De ongelovige

 

Hij knipt gaten in zijn zakken
trekt rafels uit zijn pijpen
zo krijgt hij greep en weet hij zeker
wat hij heeft: een broek, een jas.

Pas als hij voelt hoe alles slijt
bij iedere aanraking verder verloren gaat
kijkt hij blijmoedig om zich heen.

In de verte trekken bekeerlingen
naar de berg van de benevelde rede
zij dragen het bruine en zwarte boetekleed
bol van zonden naar het eind van de eeuw
waar de verlossing gloort van al het aardse
alle winkelhaken, afgerukte knopen, kogelgaten.
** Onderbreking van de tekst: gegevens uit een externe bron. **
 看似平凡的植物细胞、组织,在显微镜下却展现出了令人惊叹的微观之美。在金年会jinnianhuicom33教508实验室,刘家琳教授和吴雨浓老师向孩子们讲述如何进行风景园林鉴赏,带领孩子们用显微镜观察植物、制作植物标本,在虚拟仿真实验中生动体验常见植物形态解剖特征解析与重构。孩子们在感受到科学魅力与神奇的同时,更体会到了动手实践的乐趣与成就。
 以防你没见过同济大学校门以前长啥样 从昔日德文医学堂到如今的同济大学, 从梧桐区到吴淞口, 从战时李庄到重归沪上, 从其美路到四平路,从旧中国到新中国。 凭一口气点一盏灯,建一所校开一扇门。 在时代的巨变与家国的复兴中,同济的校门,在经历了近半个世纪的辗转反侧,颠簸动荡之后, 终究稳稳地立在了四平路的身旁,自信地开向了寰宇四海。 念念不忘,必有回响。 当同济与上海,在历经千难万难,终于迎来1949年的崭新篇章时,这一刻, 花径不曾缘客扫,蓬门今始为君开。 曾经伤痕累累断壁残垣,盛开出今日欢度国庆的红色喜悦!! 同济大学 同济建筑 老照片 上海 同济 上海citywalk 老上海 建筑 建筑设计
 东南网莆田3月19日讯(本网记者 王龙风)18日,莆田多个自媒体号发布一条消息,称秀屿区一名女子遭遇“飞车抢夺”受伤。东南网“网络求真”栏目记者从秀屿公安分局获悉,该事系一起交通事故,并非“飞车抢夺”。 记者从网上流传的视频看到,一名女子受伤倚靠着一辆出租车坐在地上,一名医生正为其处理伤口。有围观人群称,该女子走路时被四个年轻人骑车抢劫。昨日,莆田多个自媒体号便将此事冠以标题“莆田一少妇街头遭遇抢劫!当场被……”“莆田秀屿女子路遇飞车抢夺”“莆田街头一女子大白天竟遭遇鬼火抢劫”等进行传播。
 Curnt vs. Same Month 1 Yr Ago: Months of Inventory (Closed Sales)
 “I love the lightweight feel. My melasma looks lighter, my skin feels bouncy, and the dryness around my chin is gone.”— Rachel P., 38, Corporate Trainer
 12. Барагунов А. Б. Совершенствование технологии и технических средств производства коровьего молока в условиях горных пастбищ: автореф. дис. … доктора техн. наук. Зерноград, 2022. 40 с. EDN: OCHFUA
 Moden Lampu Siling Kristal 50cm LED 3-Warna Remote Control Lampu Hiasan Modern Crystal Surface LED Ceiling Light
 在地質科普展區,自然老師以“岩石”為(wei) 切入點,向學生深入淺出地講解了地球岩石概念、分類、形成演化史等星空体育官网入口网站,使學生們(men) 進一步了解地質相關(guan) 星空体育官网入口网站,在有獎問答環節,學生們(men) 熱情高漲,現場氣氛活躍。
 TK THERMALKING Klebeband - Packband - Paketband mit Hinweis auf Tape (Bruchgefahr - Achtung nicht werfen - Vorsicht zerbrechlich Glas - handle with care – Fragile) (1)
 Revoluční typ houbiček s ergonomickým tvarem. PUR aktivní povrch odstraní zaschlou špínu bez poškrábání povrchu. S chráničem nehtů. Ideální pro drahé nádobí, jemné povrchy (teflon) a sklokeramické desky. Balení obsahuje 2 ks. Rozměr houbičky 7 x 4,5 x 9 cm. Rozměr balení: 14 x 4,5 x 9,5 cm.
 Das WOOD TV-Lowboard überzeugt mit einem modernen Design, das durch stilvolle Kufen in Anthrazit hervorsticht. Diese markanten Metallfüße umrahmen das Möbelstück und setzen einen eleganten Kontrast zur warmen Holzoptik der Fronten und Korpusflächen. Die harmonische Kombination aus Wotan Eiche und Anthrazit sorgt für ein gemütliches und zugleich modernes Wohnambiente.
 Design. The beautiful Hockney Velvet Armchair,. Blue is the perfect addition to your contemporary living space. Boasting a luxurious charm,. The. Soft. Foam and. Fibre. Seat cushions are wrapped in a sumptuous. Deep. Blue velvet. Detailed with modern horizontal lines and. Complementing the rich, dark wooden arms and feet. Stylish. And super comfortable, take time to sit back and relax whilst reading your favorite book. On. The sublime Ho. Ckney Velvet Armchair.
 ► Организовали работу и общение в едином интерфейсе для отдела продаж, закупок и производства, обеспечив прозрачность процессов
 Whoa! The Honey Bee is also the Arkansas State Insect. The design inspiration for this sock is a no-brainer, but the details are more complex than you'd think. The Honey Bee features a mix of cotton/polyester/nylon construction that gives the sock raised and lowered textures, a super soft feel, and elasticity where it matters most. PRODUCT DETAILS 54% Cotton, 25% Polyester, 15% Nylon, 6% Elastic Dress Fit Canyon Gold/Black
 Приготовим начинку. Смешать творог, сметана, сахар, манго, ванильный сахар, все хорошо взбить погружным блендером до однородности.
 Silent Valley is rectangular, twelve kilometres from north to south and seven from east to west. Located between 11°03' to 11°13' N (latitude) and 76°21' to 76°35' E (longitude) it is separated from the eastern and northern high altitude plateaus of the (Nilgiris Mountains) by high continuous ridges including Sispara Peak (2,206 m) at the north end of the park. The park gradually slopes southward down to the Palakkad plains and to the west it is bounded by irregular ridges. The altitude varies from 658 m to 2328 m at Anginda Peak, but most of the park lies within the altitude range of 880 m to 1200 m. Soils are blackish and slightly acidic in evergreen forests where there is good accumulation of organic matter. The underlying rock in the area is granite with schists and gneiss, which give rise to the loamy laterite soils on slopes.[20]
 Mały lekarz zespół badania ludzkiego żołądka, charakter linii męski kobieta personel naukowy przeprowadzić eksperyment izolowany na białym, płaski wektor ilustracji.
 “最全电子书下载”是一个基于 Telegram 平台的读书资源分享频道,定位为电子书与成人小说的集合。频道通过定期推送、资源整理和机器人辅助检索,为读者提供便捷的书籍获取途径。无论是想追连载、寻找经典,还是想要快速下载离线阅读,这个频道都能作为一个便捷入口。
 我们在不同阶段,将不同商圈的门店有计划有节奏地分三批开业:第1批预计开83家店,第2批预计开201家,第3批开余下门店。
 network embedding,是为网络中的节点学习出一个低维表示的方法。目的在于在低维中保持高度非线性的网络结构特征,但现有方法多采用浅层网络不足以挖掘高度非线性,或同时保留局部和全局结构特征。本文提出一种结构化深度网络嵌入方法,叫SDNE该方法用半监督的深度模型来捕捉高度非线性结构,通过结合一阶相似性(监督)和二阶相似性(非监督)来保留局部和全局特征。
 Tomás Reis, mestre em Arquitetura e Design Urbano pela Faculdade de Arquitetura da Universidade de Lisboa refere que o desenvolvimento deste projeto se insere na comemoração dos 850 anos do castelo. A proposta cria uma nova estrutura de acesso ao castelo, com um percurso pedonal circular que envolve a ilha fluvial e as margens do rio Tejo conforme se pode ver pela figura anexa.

Net als zij voelt hij zich verlaten
maar vastberaden blijft hij staan
met beide benen op de kale grond en koestert
tussen sterk vervuilde handen
het kapotte kopje, het verlaten vogelnest
zo op de tast zoekt hij zijn weg.

En zo ook zal hij sterven, ver van de berg
zijn handen niet in gebed maar
midden in een handeling afgebroken
tot aan zijn laatste ademtocht trouw
aan wat hij zag, aan wat hij voelde.

 

 

Het laatste woord

 

Wantrouwen in grote woorden
in kleine woorden, voegwoorden
tussenwerpsels, in het laatste woord
dat iedereen wil en niemand krijgt.

Een totale gespreksstop
met strenge straffen
tong uitrukken wel het minste.

Het paard langs de spoorbaan
staart de sneltreinen na
het gras wacht op de vallende nacht
de steen koestert zich in het lage licht.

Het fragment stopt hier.